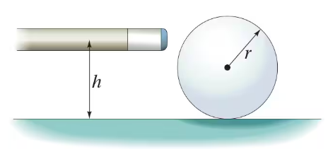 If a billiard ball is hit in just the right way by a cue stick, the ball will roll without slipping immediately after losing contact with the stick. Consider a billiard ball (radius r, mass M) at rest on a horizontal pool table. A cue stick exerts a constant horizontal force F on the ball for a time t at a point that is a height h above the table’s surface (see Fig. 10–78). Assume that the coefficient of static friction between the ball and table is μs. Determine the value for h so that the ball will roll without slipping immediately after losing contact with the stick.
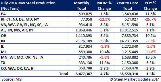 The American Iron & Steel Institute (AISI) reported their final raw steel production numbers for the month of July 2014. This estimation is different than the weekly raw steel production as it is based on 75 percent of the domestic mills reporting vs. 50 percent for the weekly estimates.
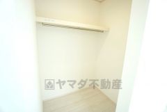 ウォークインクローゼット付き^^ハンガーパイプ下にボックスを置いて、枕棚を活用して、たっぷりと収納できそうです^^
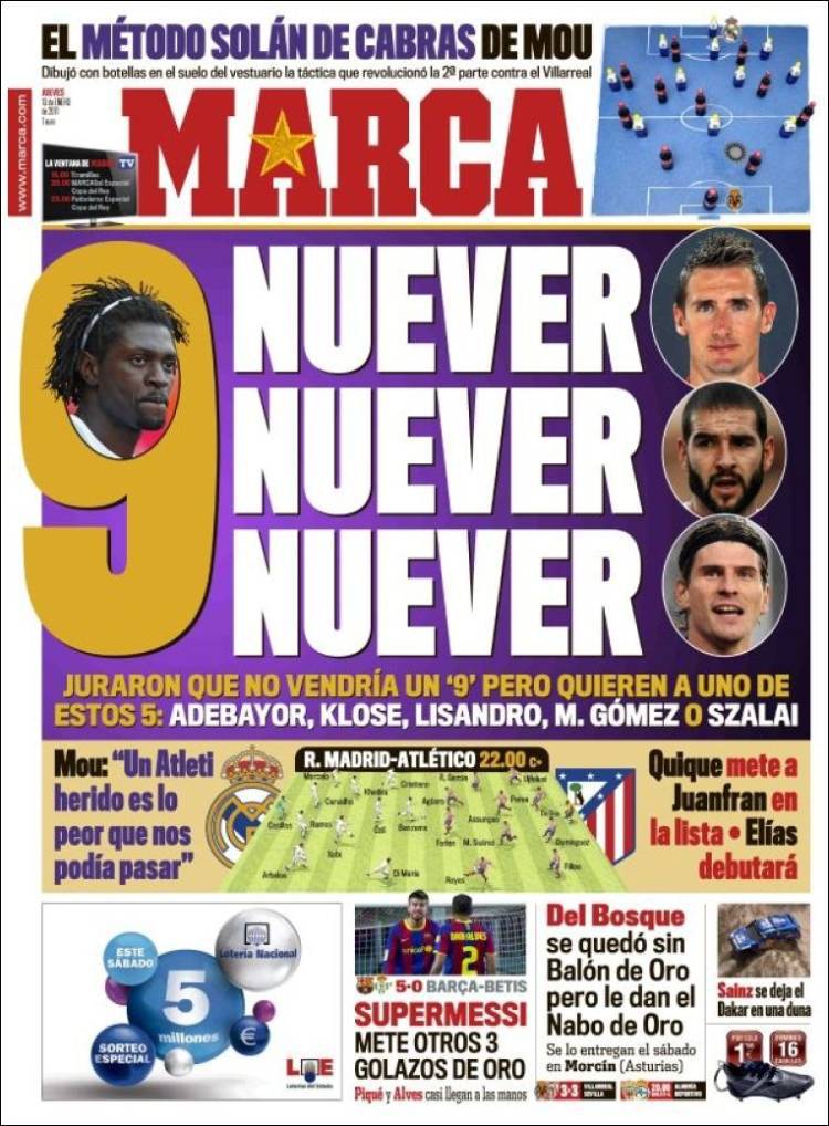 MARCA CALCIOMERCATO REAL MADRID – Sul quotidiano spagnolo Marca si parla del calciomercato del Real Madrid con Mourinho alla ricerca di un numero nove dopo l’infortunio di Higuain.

----------------------------------------

DESCRIPTION OF THE TASK: What the answer must hold is the exact text of every line from the one containing "The American Iron" through the end of the data, minus any pictures.

RESULT FOR THIS TASK:
 The American Iron & Steel Institute (AISI) reported their final raw steel production numbers for the month of July 2014. This estimation is different than the weekly raw steel production as it is based on 75 percent of the domestic mills reporting vs. 50 percent for the weekly estimates.
 ウォークインクローゼット付き^^ハンガーパイプ下にボックスを置いて、枕棚を活用して、たっぷりと収納できそうです^^
 MARCA CALCIOMERCATO REAL MADRID – Sul quotidiano spagnolo Marca si parla del calciomercato del Real Madrid con Mourinho alla ricerca di un numero nove dopo l’infortunio di Higuain.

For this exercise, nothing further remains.